(MATERIAL PROVIDED)

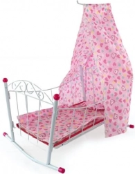 Šarmantna metalna kolijevka za lutke do veličine 38 cm pretvara dječju sobu u mali kutak za njegu. Nudi stabilnu metalnu konstrukciju, tekstilnu navlaku s baldahinom i set meke posteljine – tanku poplun-dekicu i mali jastučić – za realistično igranje mame i umirujuće uspavljivanje lutke.
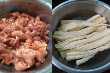 3、腐竹要事先浸泡在水中,时间大概要两到三个钟头。如果腐竹没有事先用水浸泡,那么炒出来的腐竹会很硬,影响口感。
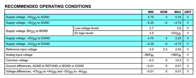 不可以的,查看数据表推荐的工作条件,, –AVDD to AGND 的范围是–5.25 ~ –4.75,不能将–AVDD接0V; -DVDD类似。
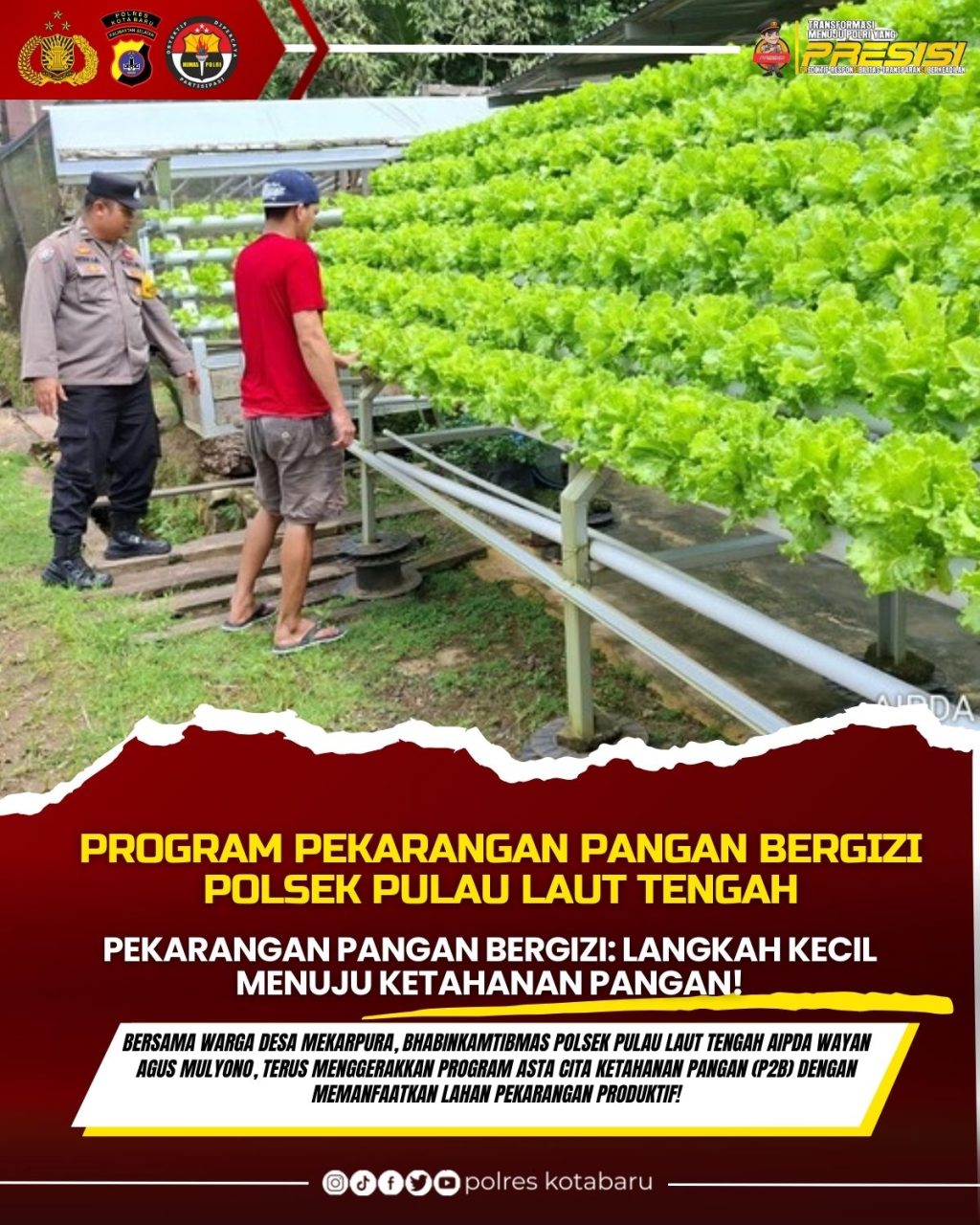 #AstaCitaPolri #PolisiPeduliPangan #PekaranganBergizi #KetahananPangan #PolsekPulauLautTengah #KotabaruHijau

(End MATERIAL PROVIDED)

> **INSTRUCTIONS FOR THE TASK**:
Give back, exactly as written, the lines from the top of the material through the line with "不可以的,查看数据表推荐的工作条件,, –AVDD to", ends included and pictures left aside.

> **RESPONSE**:
 Šarmantna metalna kolijevka za lutke do veličine 38 cm pretvara dječju sobu u mali kutak za njegu. Nudi stabilnu metalnu konstrukciju, tekstilnu navlaku s baldahinom i set meke posteljine – tanku poplun-dekicu i mali jastučić – za realistično igranje mame i umirujuće uspavljivanje lutke.
 3、腐竹要事先浸泡在水中,时间大概要两到三个钟头。如果腐竹没有事先用水浸泡,那么炒出来的腐竹会很硬,影响口感。
 不可以的,查看数据表推荐的工作条件,, –AVDD to AGND 的范围是–5.25 ~ –4.75,不能将–AVDD接0V; -DVDD类似。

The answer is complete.